Th 158963

5 Critical Computer Reports

Sept. 1, 2004
Your practice-management software has the muscle to measure the financial health of your practice

By Linda Drevenstedt, MS

Are you taking advantage of your practice-management software system? It's understandable if you're not. The dizzying array of available reports can overwhelm even the most tech-savvy.

There are, however, five critical reports that each system generates, and it's worth the health of your practice to learn how to access and read them. These reports include:

1) Production by provider and by procedure code report
2) Collections report
3) Accounts receivable report
4) Insurance aging report
5) Adjustment report

By itself, the data provided by each report will not tell you if your practice is healthy. However, with a few crunches of the numbers, you'll have a better understanding of the overall health of your practice. Unfortunately, no industry standards exist for the names of these reports.
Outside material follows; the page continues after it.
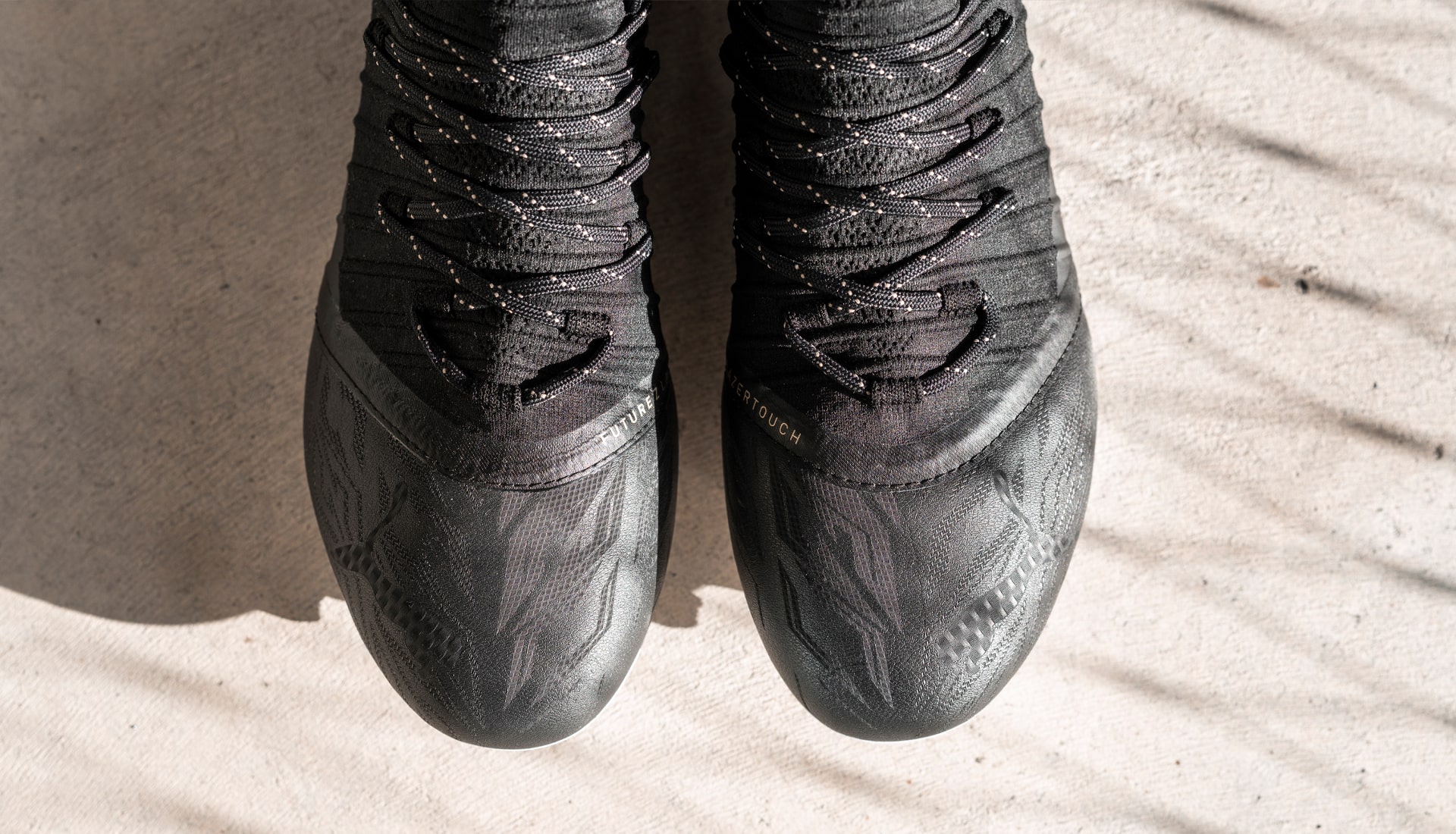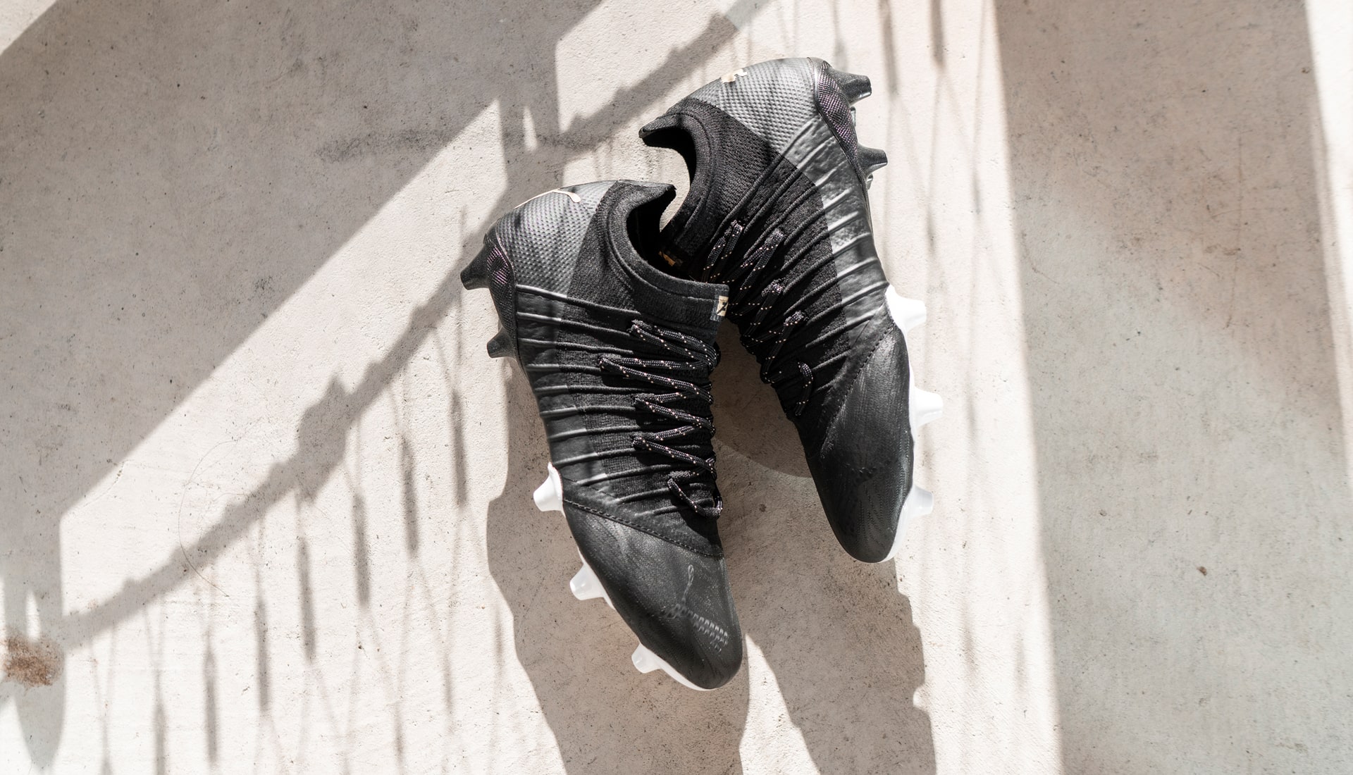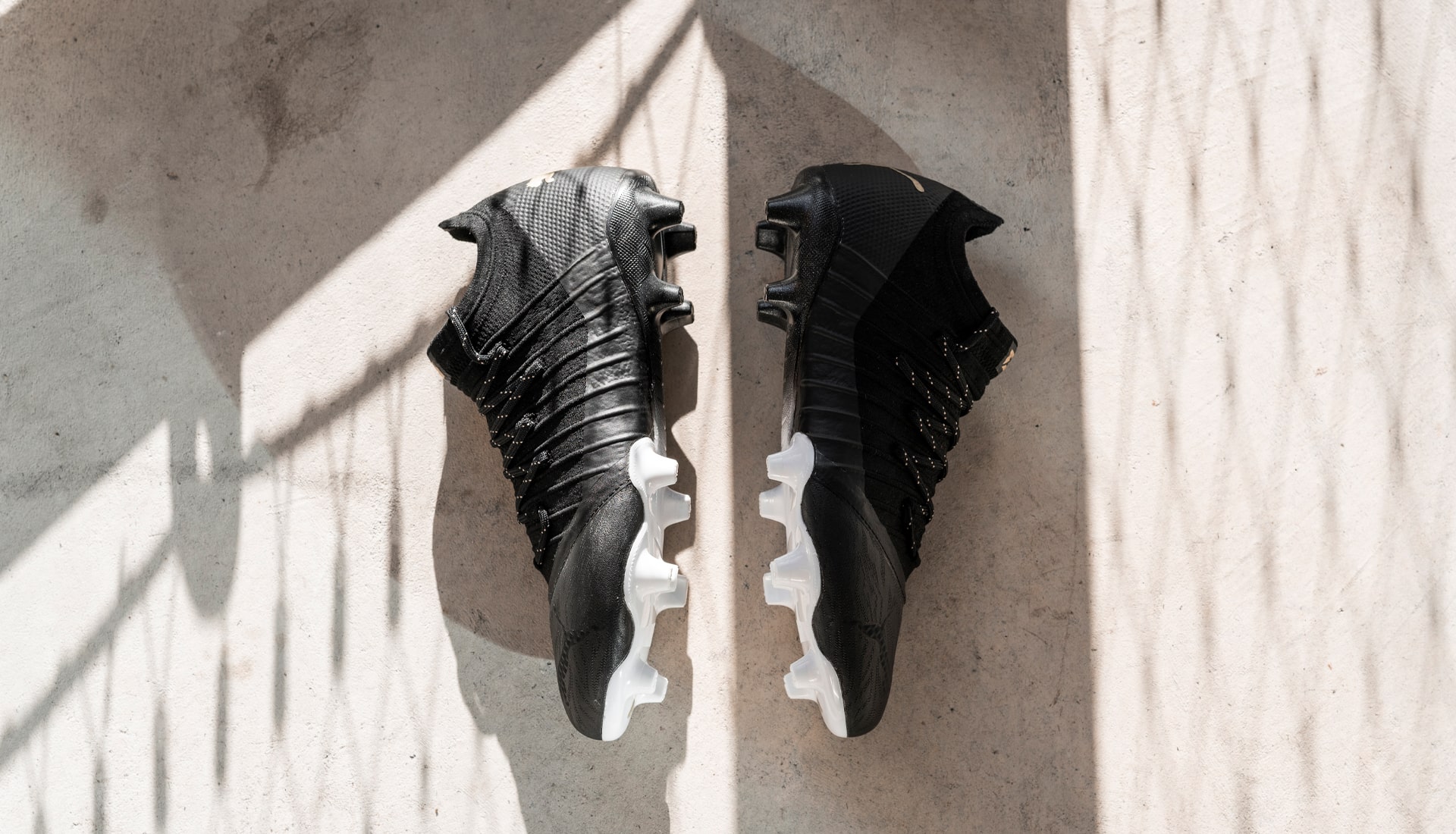 The Future looks good in leather. PUMA offers up tradition with a twist with the Future Z 1.3 ‘Lazertouch’, which arrives in premium leather with a lazer-etched design, finished in black with gold details.

To help practices, I have posted a "How To" on my Web site that provides the names given to these reports by each of the five leading software systems.

1) The Production by Procedure Code report

There are several practice-health benchmarks to calculate from this one report. Run the report for a six-month period for most of the following calculations. Run a separate report for each dentist and each hygienist, as well as a total practice report.

Doctor service-mixture benchmark

Step one: Run the Production by Procedure Code report for a six-month period for each dentist. Be sure the report is by individual procedure code — not by category.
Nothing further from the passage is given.